Aim of the task — Only the lines from the first line of the entries through the line with "今日は午前中に2回午後に2回" belong in the answer, each restated word for word and without pictures.
[Record extracts Boundary: Start]
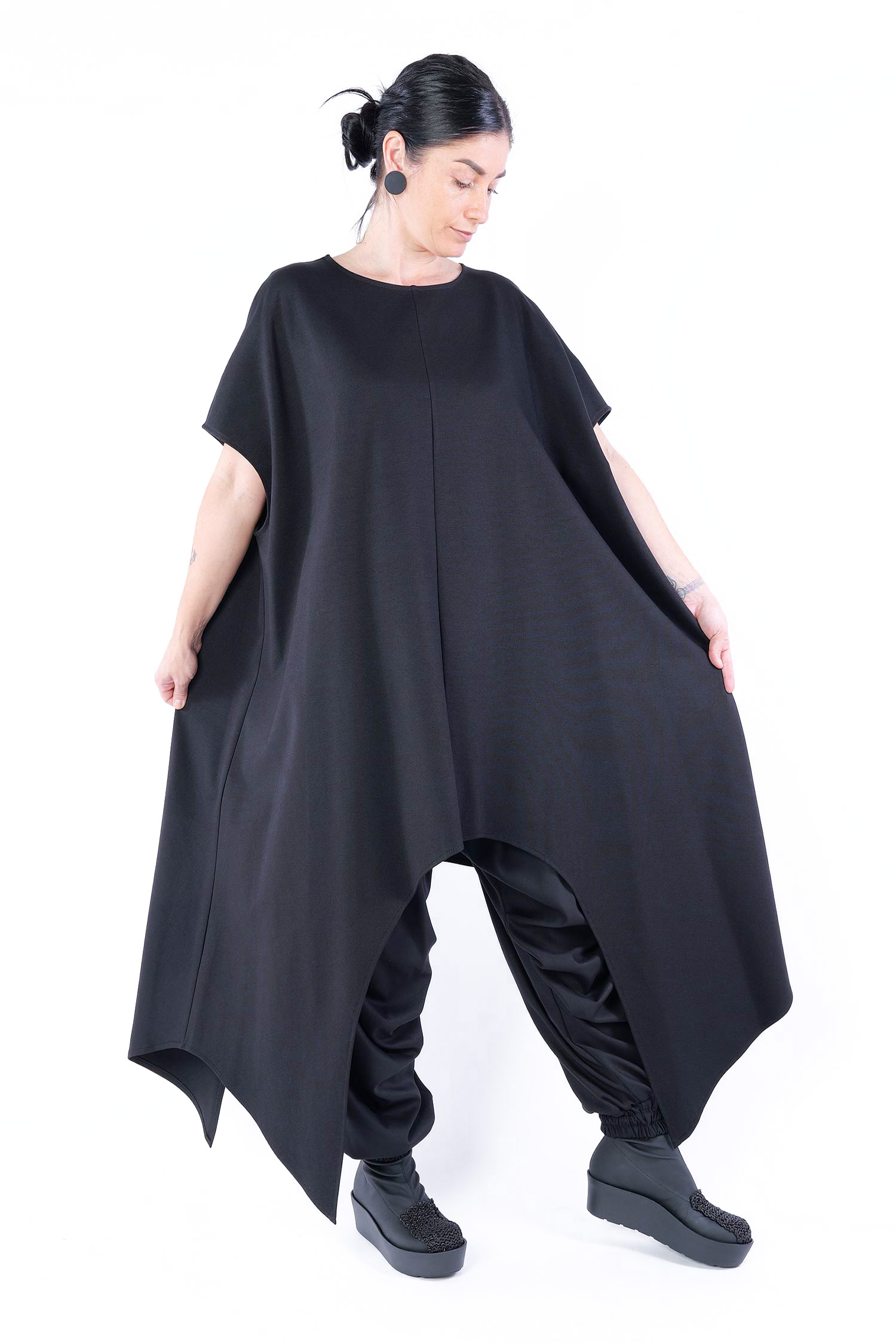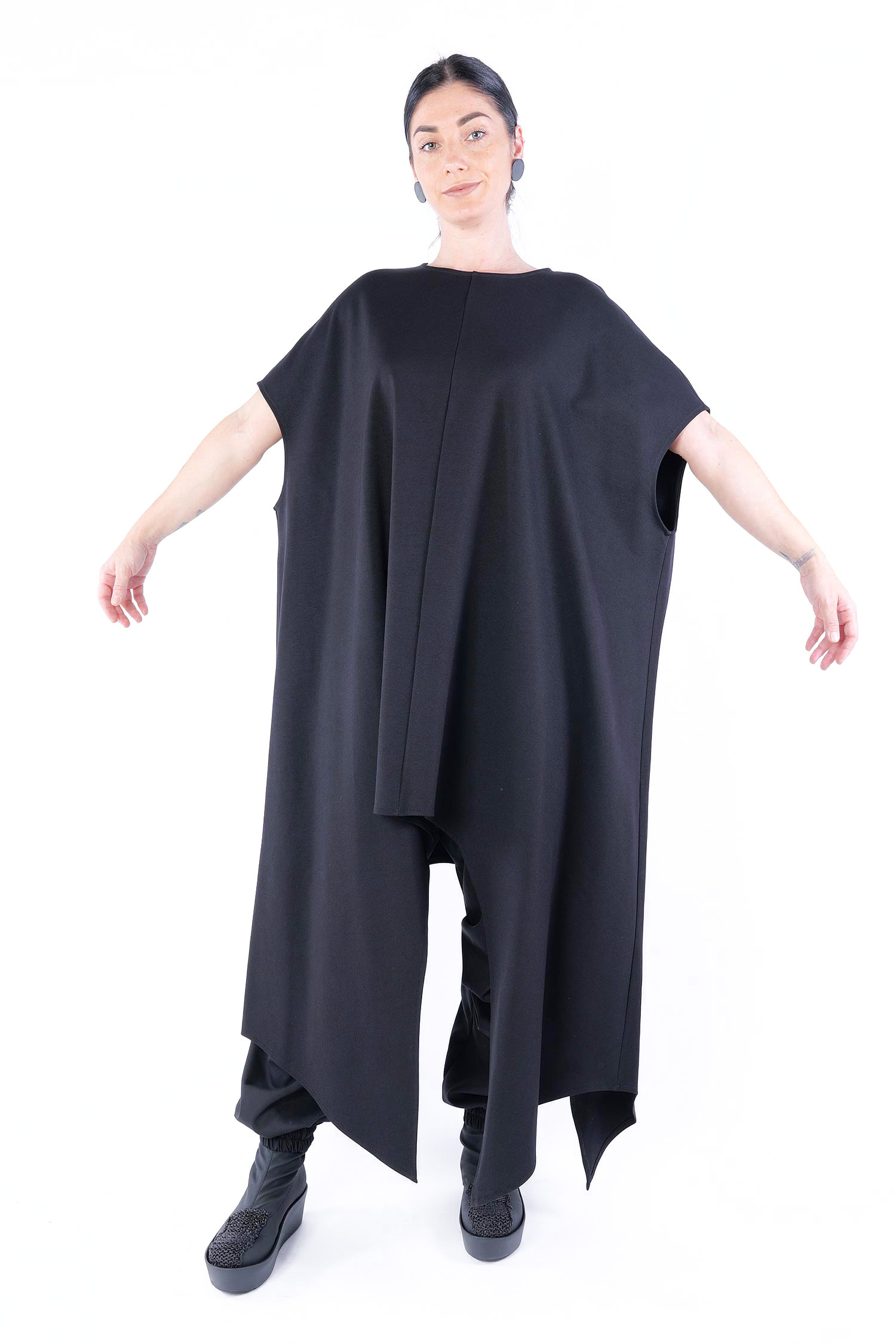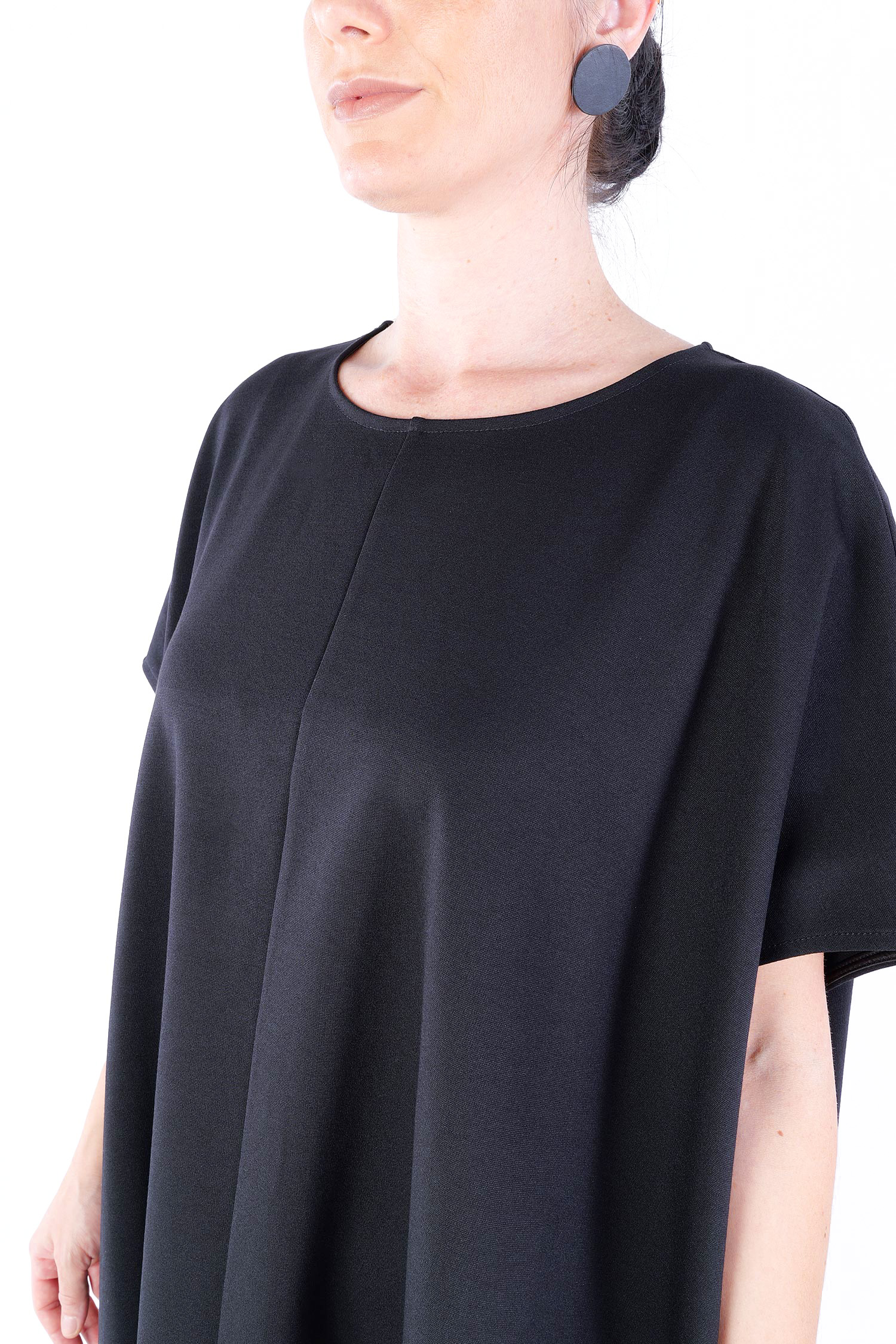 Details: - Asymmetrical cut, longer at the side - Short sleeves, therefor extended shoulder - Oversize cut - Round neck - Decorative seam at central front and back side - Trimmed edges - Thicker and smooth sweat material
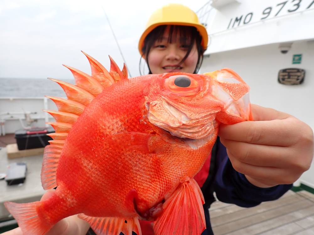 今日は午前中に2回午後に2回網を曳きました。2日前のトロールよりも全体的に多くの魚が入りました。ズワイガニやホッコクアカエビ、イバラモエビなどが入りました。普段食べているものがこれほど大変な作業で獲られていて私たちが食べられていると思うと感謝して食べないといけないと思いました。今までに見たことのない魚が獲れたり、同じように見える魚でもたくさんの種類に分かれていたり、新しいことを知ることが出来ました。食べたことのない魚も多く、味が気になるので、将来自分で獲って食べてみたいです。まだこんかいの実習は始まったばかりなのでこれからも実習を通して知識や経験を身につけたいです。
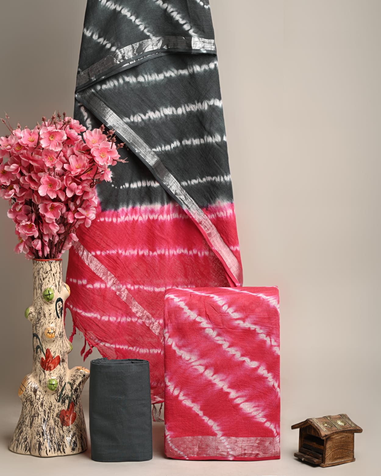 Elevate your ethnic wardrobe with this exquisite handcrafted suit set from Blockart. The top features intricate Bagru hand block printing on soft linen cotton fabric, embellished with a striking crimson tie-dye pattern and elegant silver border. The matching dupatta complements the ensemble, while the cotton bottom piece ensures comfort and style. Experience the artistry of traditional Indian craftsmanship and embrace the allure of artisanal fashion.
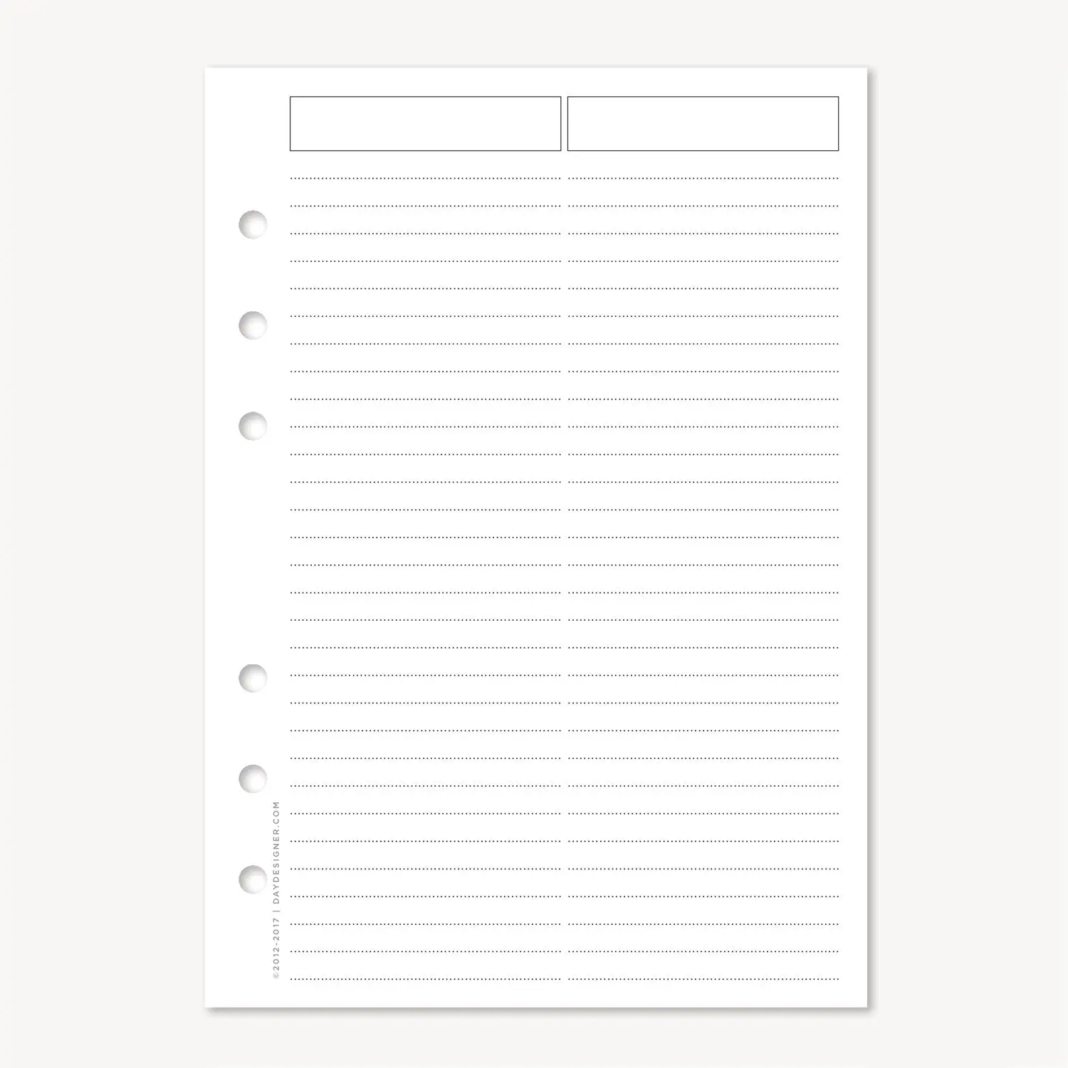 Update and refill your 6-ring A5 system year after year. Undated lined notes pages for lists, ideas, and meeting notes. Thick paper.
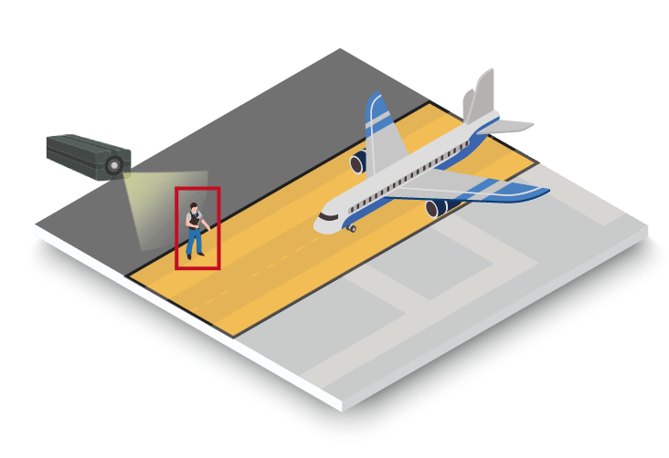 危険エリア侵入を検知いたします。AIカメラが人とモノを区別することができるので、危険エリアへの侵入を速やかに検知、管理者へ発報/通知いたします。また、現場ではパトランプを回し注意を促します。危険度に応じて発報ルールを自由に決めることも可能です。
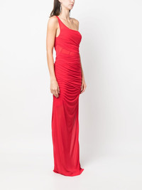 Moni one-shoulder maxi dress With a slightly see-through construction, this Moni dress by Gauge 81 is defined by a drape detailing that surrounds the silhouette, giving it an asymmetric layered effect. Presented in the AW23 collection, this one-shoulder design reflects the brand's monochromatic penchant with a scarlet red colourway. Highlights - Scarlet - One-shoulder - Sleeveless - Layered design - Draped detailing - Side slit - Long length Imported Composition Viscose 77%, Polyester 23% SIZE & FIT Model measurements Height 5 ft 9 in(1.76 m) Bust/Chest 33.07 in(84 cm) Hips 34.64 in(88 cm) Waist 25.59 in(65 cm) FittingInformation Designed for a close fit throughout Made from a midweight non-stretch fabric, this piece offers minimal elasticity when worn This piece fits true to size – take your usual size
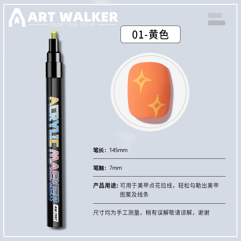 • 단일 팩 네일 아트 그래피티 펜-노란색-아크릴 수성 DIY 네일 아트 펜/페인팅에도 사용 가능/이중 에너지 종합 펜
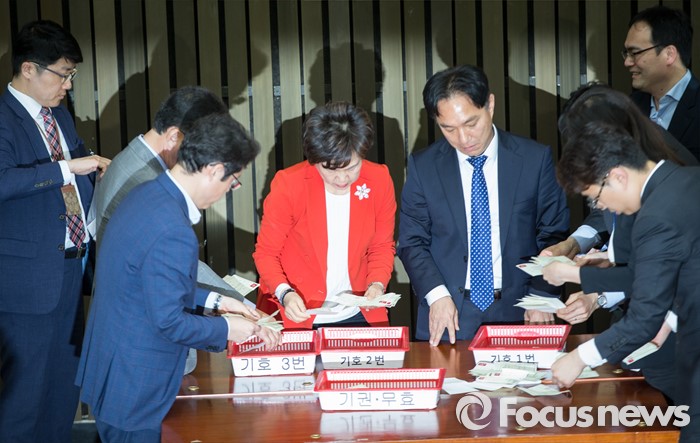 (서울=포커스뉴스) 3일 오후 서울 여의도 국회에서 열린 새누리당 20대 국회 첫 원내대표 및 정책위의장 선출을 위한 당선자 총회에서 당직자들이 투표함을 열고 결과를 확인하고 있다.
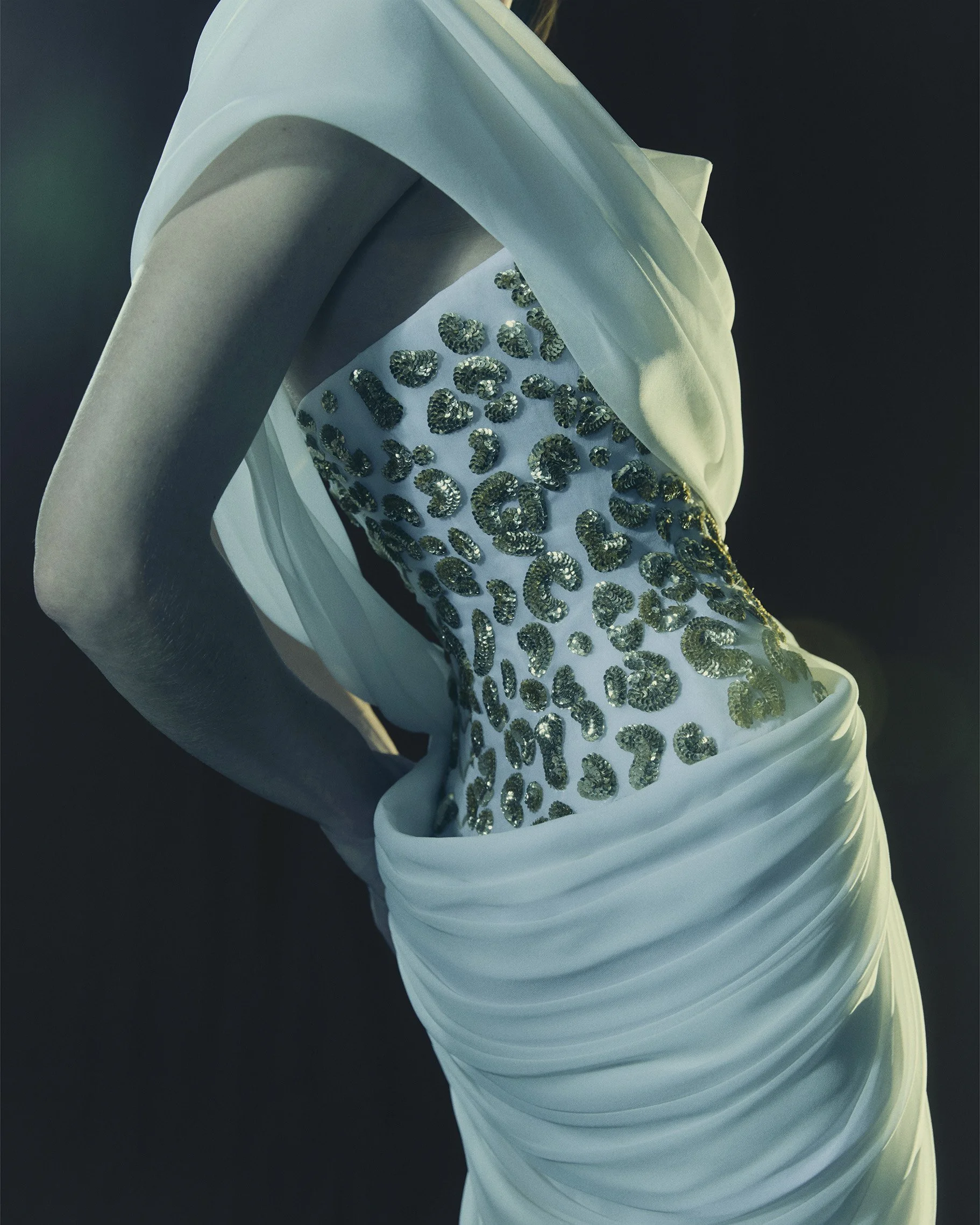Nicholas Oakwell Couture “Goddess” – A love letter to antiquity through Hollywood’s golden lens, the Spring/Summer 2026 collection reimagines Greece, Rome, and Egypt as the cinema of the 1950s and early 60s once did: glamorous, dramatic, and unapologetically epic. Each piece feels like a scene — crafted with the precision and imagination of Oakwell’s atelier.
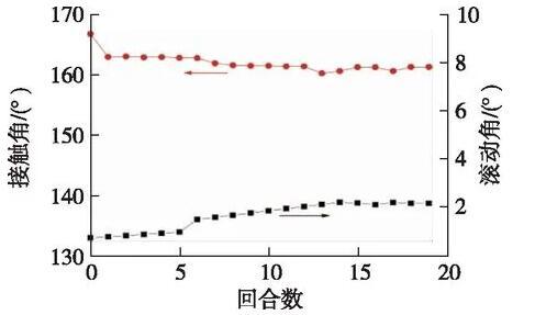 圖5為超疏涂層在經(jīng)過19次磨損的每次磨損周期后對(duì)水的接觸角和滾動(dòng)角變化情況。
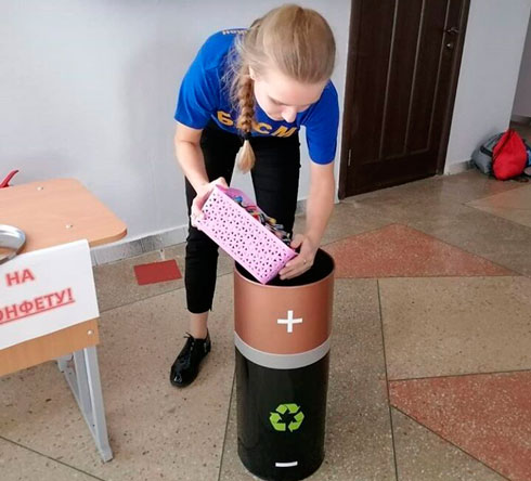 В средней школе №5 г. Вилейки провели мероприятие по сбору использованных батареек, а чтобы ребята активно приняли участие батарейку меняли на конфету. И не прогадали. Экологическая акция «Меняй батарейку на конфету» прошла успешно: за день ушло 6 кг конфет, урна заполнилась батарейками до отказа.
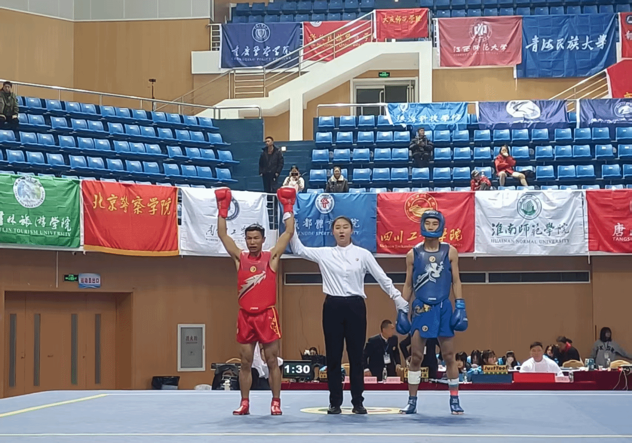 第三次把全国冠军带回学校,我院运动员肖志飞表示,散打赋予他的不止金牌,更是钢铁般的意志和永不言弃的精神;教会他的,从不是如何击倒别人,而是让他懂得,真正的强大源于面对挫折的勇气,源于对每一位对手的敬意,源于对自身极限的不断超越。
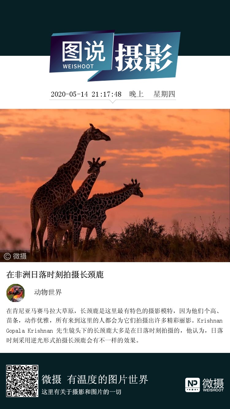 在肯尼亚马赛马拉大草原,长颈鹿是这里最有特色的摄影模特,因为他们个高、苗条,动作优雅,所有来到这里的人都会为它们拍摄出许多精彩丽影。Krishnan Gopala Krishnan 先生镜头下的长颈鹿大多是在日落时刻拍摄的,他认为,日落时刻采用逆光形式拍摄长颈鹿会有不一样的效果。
[Record extracts Boundary: End]
Answer section —
 Details: - Asymmetrical cut, longer at the side - Short sleeves, therefor extended shoulder - Oversize cut - Round neck - Decorative seam at central front and back side - Trimmed edges - Thicker and smooth sweat material
 今日は午前中に2回午後に2回網を曳きました。2日前のトロールよりも全体的に多くの魚が入りました。ズワイガニやホッコクアカエビ、イバラモエビなどが入りました。普段食べているものがこれほど大変な作業で獲られていて私たちが食べられていると思うと感謝して食べないといけないと思いました。今までに見たことのない魚が獲れたり、同じように見える魚でもたくさんの種類に分かれていたり、新しいことを知ることが出来ました。食べたことのない魚も多く、味が気になるので、将来自分で獲って食べてみたいです。まだこんかいの実習は始まったばかりなのでこれからも実習を通して知識や経験を身につけたいです。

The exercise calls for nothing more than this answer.